§ **Your task**: Repeat only the lines below that run from the line with "食材:莲藕、葱姜、油、番茄酱、白糖、盐、生抽" to the line with "Siyah Göz Akik", ends included; skip every picture.

### Exercise data ###

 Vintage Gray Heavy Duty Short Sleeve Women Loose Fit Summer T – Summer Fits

###
### Exercise data ###

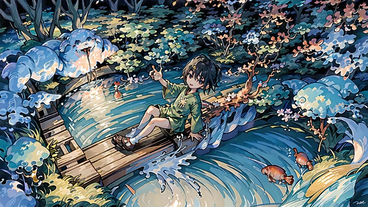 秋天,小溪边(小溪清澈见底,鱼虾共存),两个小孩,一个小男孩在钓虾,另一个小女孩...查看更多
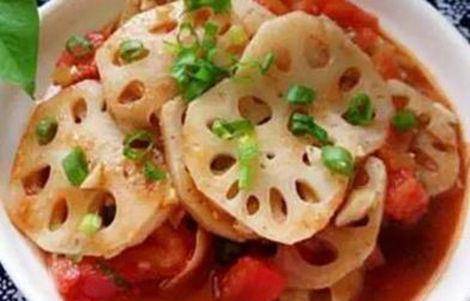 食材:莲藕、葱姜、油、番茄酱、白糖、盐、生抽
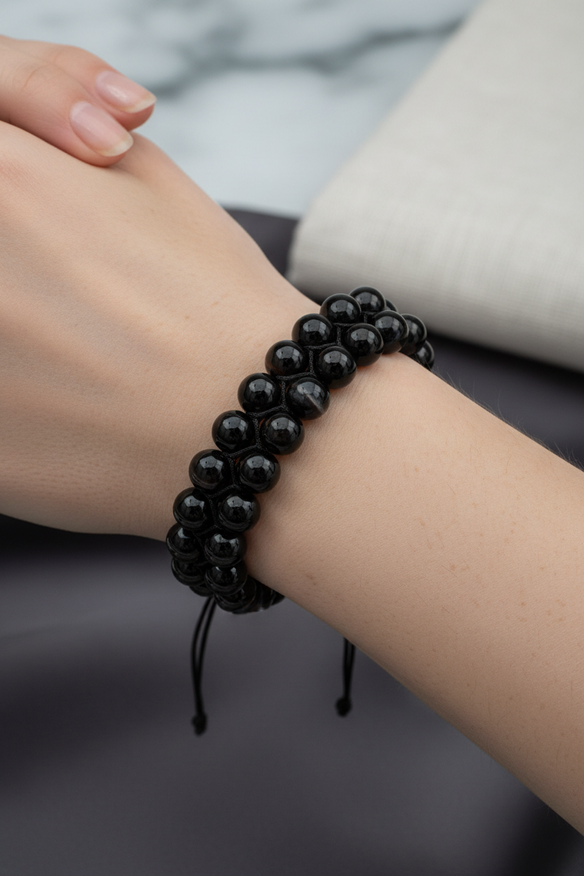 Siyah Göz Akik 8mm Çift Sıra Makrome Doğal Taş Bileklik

###
### Exercise data ###

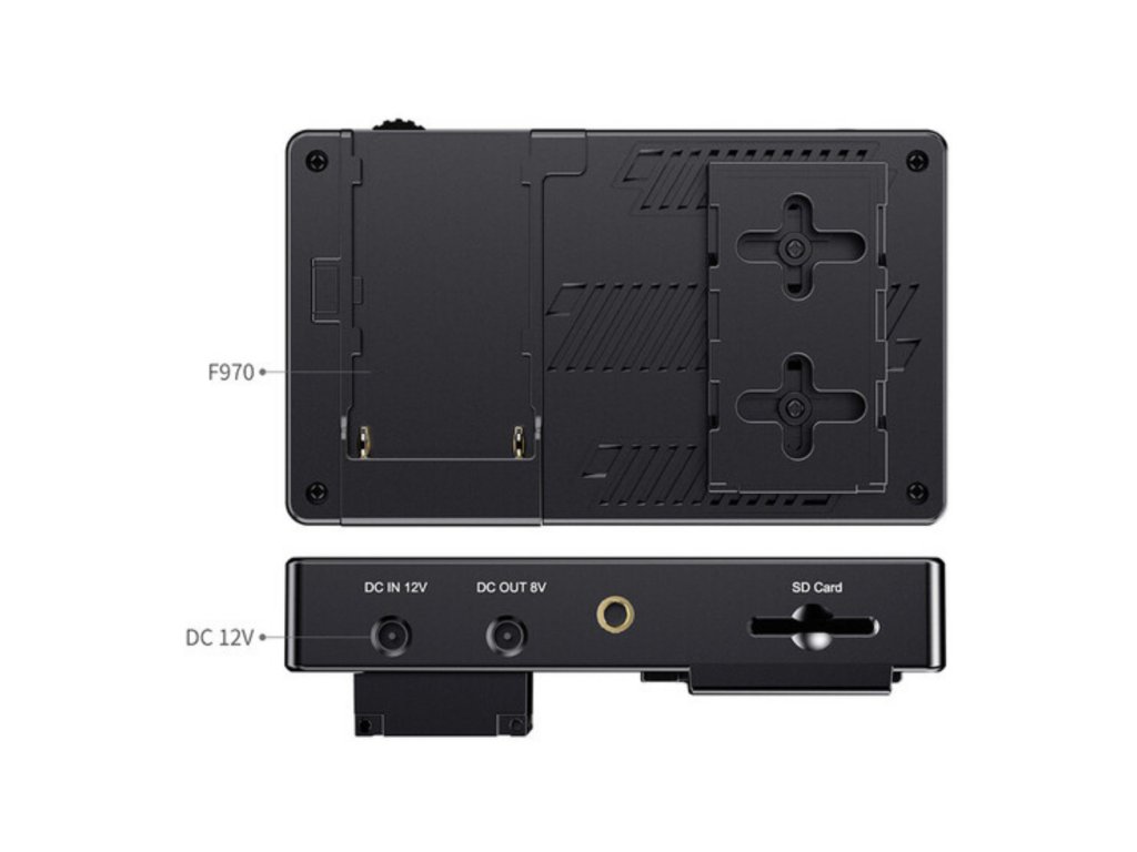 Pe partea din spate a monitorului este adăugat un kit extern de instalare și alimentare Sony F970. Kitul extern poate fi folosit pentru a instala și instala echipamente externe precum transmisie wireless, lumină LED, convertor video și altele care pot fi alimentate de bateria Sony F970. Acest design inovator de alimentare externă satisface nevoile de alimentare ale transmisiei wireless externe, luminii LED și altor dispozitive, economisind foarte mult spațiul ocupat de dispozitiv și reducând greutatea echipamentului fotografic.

###

§ **Exercise output**:
 食材:莲藕、葱姜、油、番茄酱、白糖、盐、生抽
 Siyah Göz Akik 8mm Çift Sıra Makrome Doğal Taş Bileklik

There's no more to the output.